Nathalies Weg: wie aus einer schwammigen Idee ein Buch wurde
Eine echte Kundin, ein echtes Buch, knapp zwei Jahre von der Idee bis zum Verlag.
LesenAndreas Weg: wie sie den inneren Kritikern das Mikrofon abnahm und mit Amina und Emilia die ersten drei Szenen ihres neuen Romans schrieb.
ca. 6 Min. Lesezeit · von Carolyn Pini
Andrea kam 2022 zu mir, nicht als Anfängerin. Sie hatte bereits erste Versuche unternommen, eine längere Geschichte zu schreiben. Und trotzdem hatte sie das Gefühl, dass ihr etwas fehlt: das Handwerkszeug. Die Werkzeuge, mit denen man einen Roman plant, nicht nur schreibt. Einen roten Faden findet. Sich weniger verliert. Und, vielleicht am wichtigsten: die Stimmen in ihrem Kopf überstimmt, die immer wieder dazwischenredeten.
Andrea suchte ursprünglich einen Online-Schreibkurs. Sie wollte den theoretischen Background, das Handwerk, die Struktur, mit der ein Roman gebaut wird, damit er trägt. Dazu Schreibübungen, zu denen sie Rückmeldung bekommt, um ihren Stil zu entwickeln.
Das war klar umrissen. Aber unter dieser sachlichen Liste lag etwas anderes, eine Unsicherheit, die sie im eigenen Schreibprozess immer wieder ausbremste.
Andrea war offen damit. Sie sagte zu Beginn, ganz direkt:
„Mir stehen immer wieder meine eigenen Gedanken im Weg. ‚Du kannst ja gar nicht schreiben.' ‚Du bist keine Schriftstellerin.' ‚Hör damit auf, das bringt nichts.'"
Das kennen fast alle Dichterinnen. Bei Andrea war es besonders hartnäckig, und das wollte sie nicht wegreden, sondern angehen. Gleichzeitig war ihr wichtig: Kritik war willkommen. Nicht pauschal, sondern konstruktiv, konkret und positiv formuliert. Das war der Boden, auf dem wir arbeiten konnten.
Andrea hatte einen Online-Schreibkurs gesucht. Was sie bekam, war ein individueller 1:1-Schreibkurs, den ich auf ihre Bedürfnisse zugeschnitten habe. Theorie zum Romanaufbau, kombiniert mit praktischem Schreib-Coaching an ihrem Manuskript. Im Lauf der Zeit hat sich das weiterentwickelt zu einem erweiterten Plot-Sparring-Coaching. In Einzelterminen haben wir zuerst an den Figuren, dann an der groben Struktur und schliesslich an den ersten drei Szenen gearbeitet.
Das ist das Schöne an individueller 1:1-Begleitung: der Rahmen darf sich formen, wie es für die Dichterin passt.
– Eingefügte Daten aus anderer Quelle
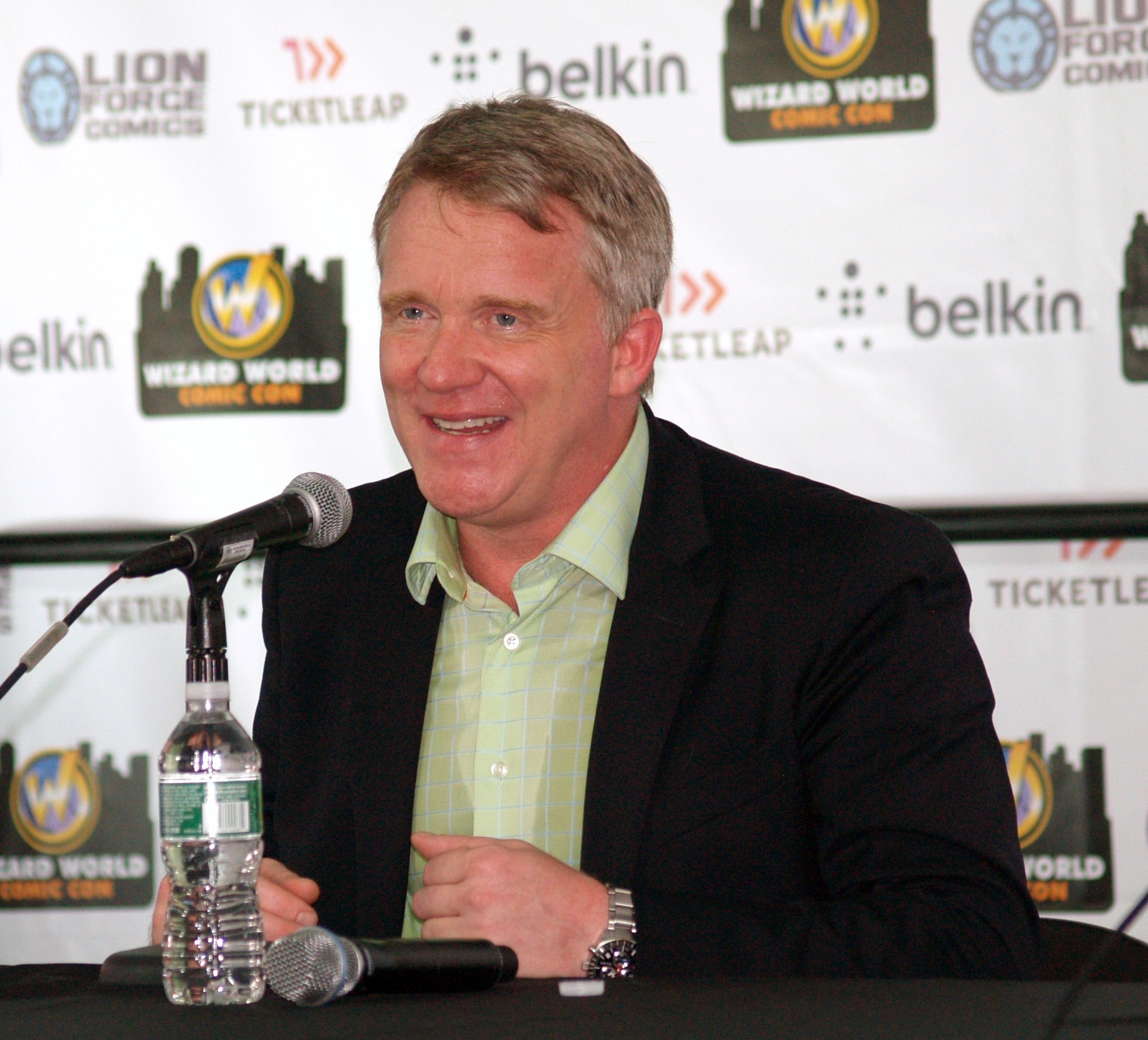 Actor Anthony Michael Hall during a June 30, 2013 Q&A session at the 2013 Wizard World New York Experience at Pier 36 in Manhattan. This photo was created by Luigi Novi. It is not in the public domain, and use of this file outside of the licensing terms is a copyright violation.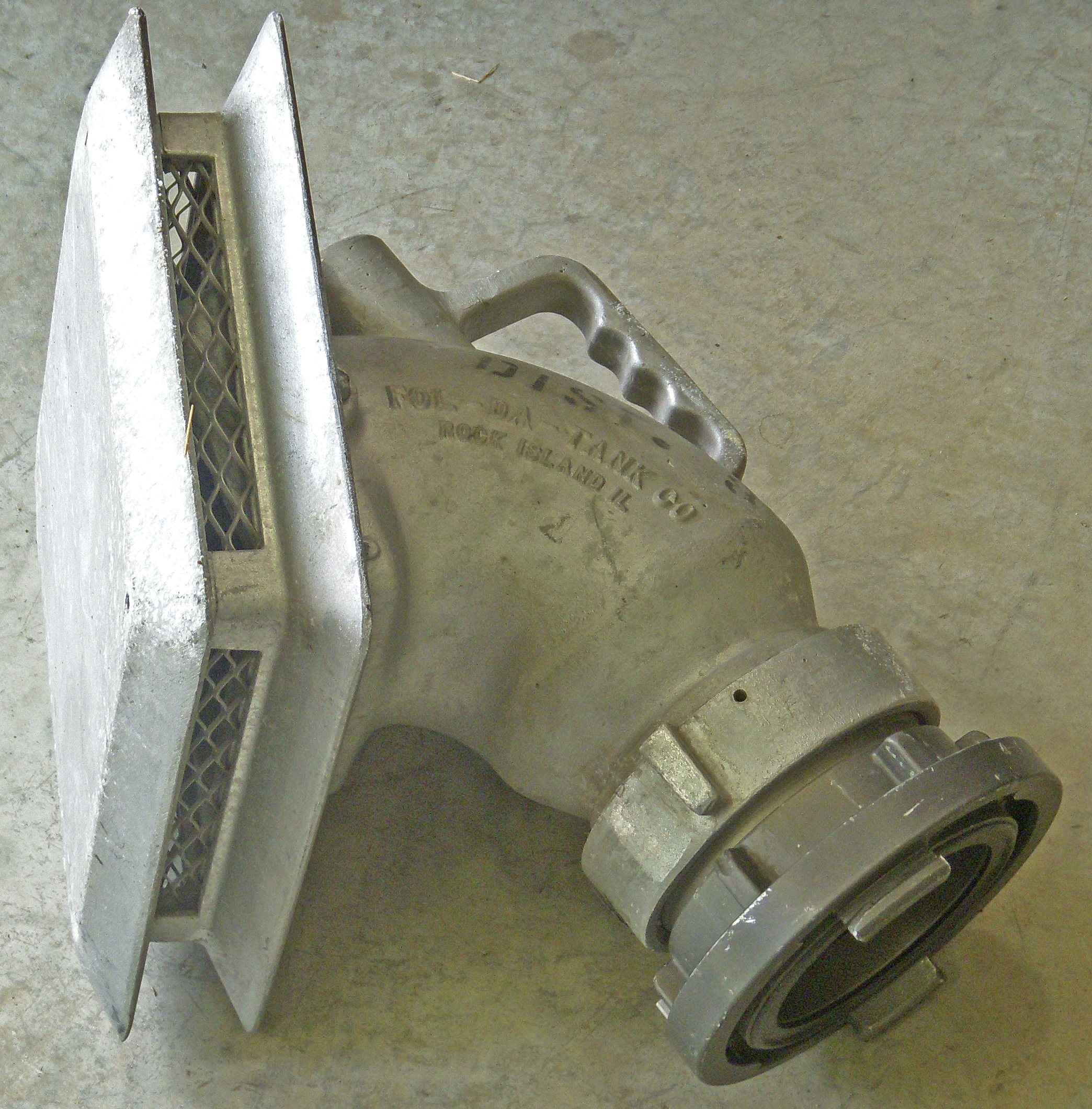 Strainer for drafting water from a pool, etc. for firefighting. 5" Storz connector.

Bei Andrea hiess das: mehr Theorie im Hintergrund, dafür viel direktes Arbeiten an ihrem Text.
Die Geschichte, die Andrea angehen wollte, erzählt von einer Frau, die sich an einem Punkt ihres Lebens fragt, wohin es eigentlich geht. Ihre Heldin Amina bricht für ein paar Wochen nach La Gomera auf, auf zu einem Selbstfindungsurlaub, um sich Raum zum Atmen zu geben. Weg vom Alltagsstress, hin zu sich selbst.
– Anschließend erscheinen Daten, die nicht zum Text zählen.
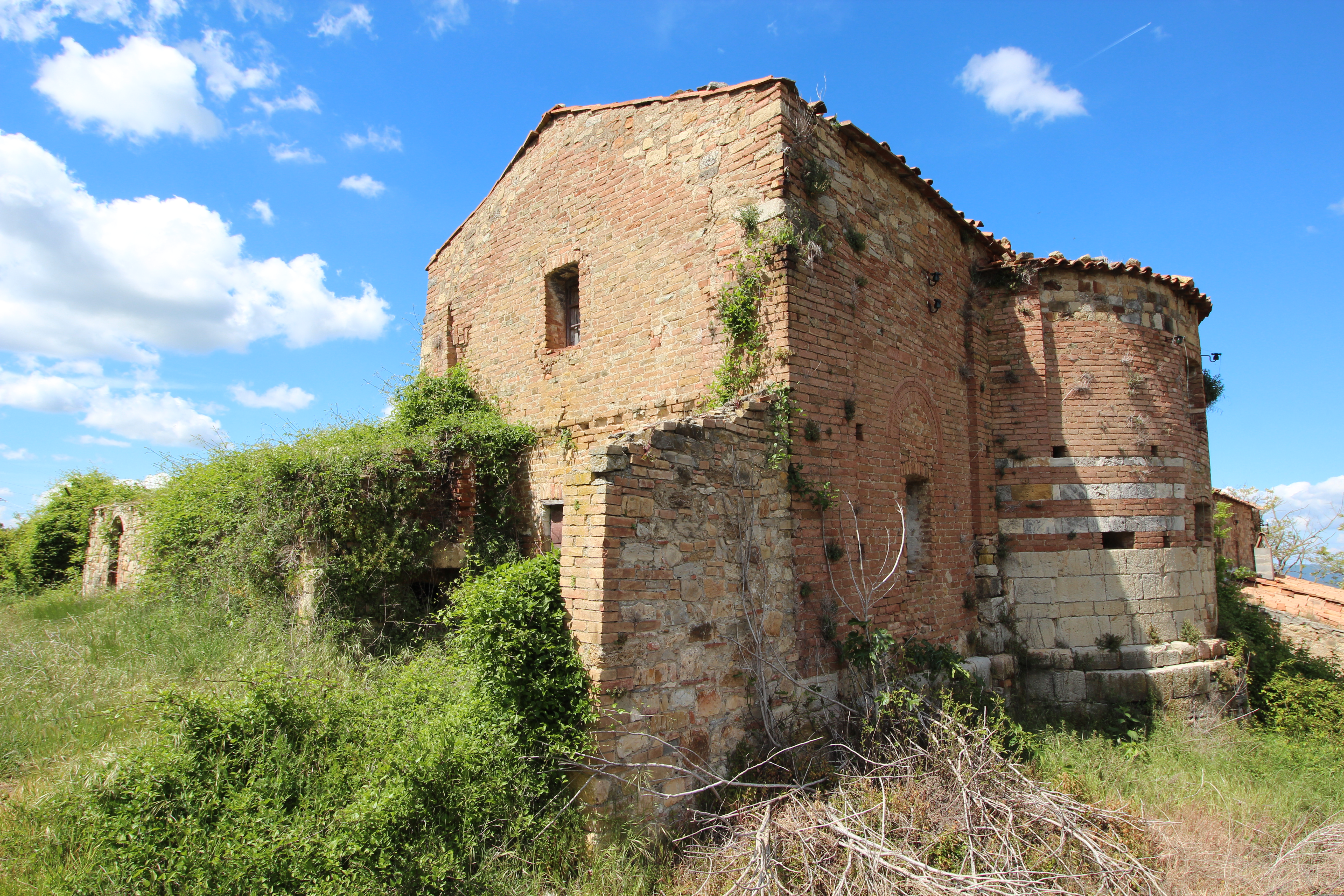 Church San Giovanni Battista a Morba, near Larderello, territory of Pomarance, Province of Pisa, Tuscany, Italy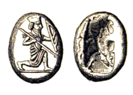 See also File:C+B-Shekel-FigA-PersianDaric.PNG, for a tracing of the image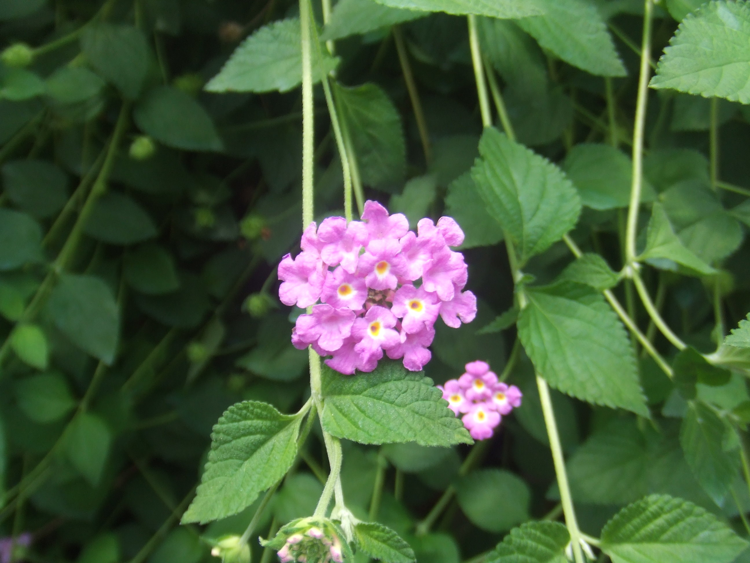 Lantana montevidensis, picture taken at the Passiflorahoeve in Harskamp, The Netherlands

In der Zeit unserer Zusammenarbeit hat Andrea die ersten Szenen geschrieben. Amina in ihrem Alltag, dann auf der Reise und ihre Ankunft in La Gomera. Und mit dem Schreiben und Überarbeiten wurde daraus eine sinnlich erfahrbare Welt, in die eine Leserin eintauchen und sich in die Lage von Amina versetzen kann.
Was sich mit meinem spezifischen Feedback sehr schön weiterentwickelt hat, war ihr Schreibstil. Dort fand eine grosse Entwicklung statt. Die Sätze wurden präziser, die Bilder klarer, der Rhythmus trug. Der Anfang von Aminas Geschichte ist vielversprechend, die Szenen sind schön zu lesen, und man will wissen, wie es weitergeht. Das ist genau der Sog, den ein Romananfang schaffen soll.
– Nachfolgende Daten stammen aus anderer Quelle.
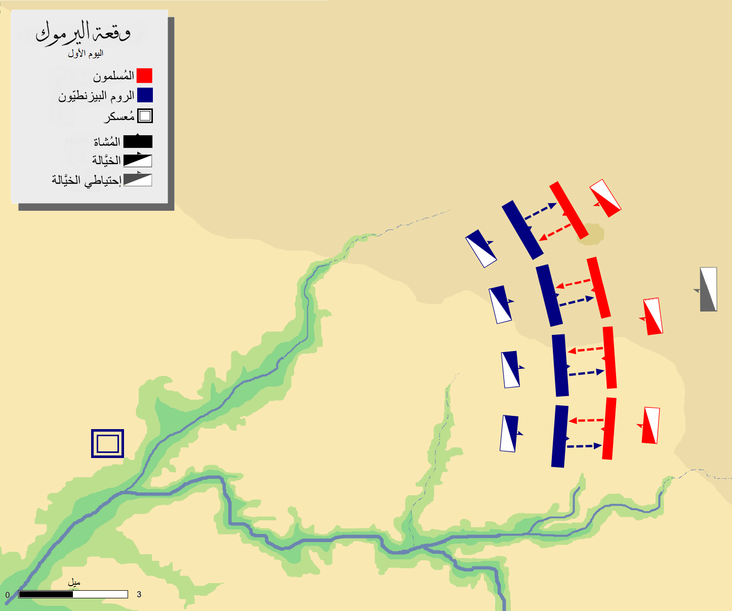 Battle of Yarmouk-day-1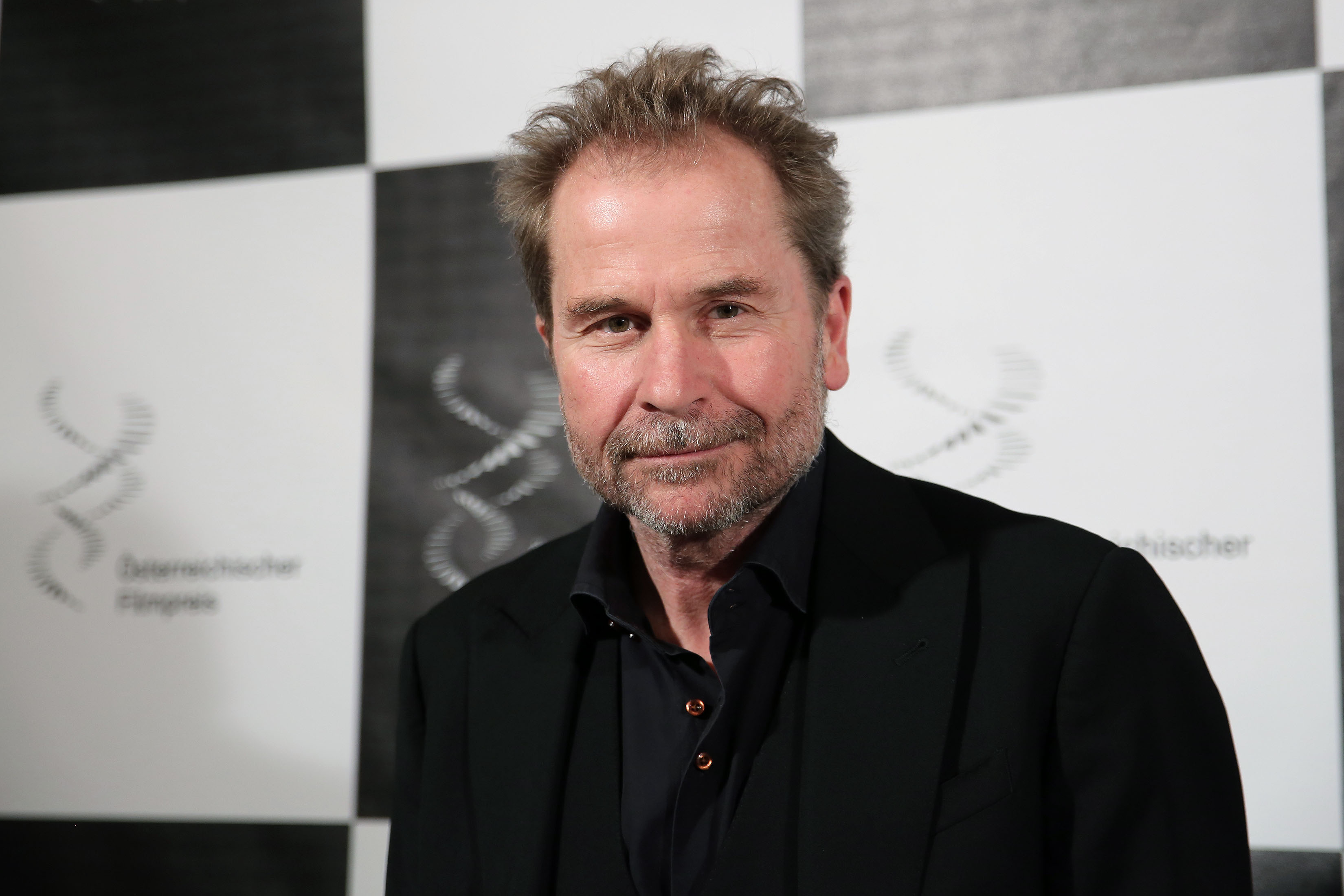 Ulrich Seidl, Austrian Film Awards 2013 (Vienna).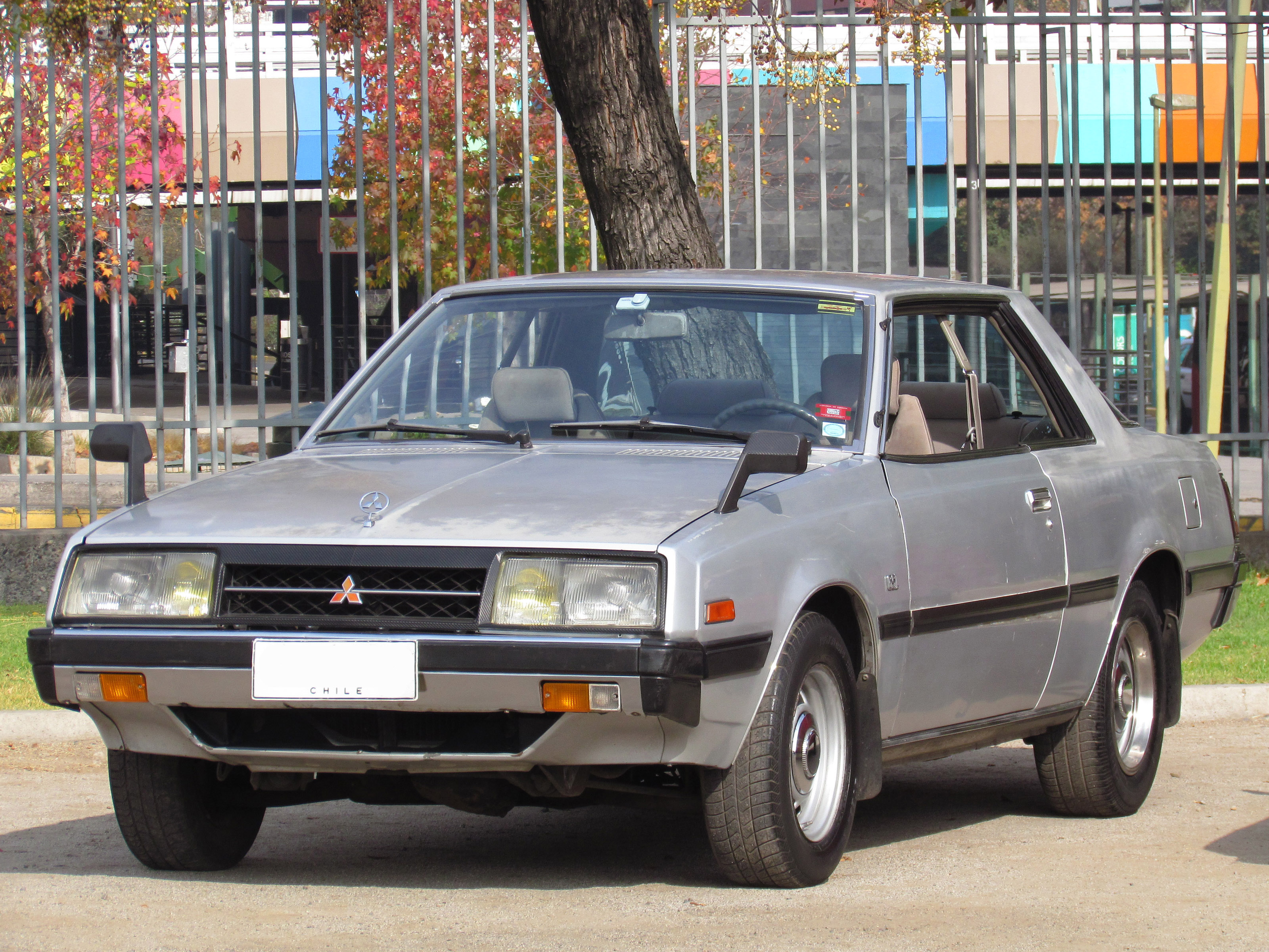 Mitsubishi Sapporo 2000 GSL 1982

„Ich kann den Kurs von Carolyn allen Schreibinteressierten, die am Aufbau von Geschichten interessiert sind, wärmstens empfehlen. Carolyn hat extra ihren Schreibkurs auf meine Bedürfnisse adaptiert und den Kurs mit einem Schreibcoaching kombiniert. Dadurch war es mir möglich, den theoretischen Background kennenzulernen und gleichzeitig meinen Schreibstil zu verbessern. Ich habe gelernt, wie ein Roman aufgebaut wird, damit er spannend ist, und wie er noch interessanter gestaltet werden kann.
Carolyn hat mich mit ihrer offenen und wertschätzenden Art sehr inspiriert. Wie eine Geburtshelferin hat sie mir geholfen, die Idee meines Romans auf die Welt zu bringen. Sie hat mir den Mut gegeben, das Abenteuer Schreiben zu wagen, und mich auf einen konstruktiven Weg gebracht. Über Zoom war es mir möglich, die Termine von zu Hause aus zu planen, was sehr praktisch war."
„Geburtshelferin" ist ein Wort, das mir nahegeht. Genau so fühlt sich meine Arbeit für mich auch an: nicht schreiben für meine Dichterinnen, sondern schreiben mit ihnen, neben ihnen, bis das, was in ihnen ist, endlich ausserhalb ist. Dass Andrea das so beschreibt, ist das schönste Feedback, das ich als Coachin bekommen kann.
Andreas Roman ist inzwischen 130 Seiten lang, eine erste Fassung, die jetzt ausgebaut und überarbeitet werden will. Neu kam Andrea die Idee, einen weiteren Erzählstrang einzubauen. Genau das ist der Moment, in dem ein Buch an Dichte gewinnt: nicht am ersten Tag, sondern wenn die erste Fassung die Leerstellen zeigt, die man vorher nicht sehen konnte.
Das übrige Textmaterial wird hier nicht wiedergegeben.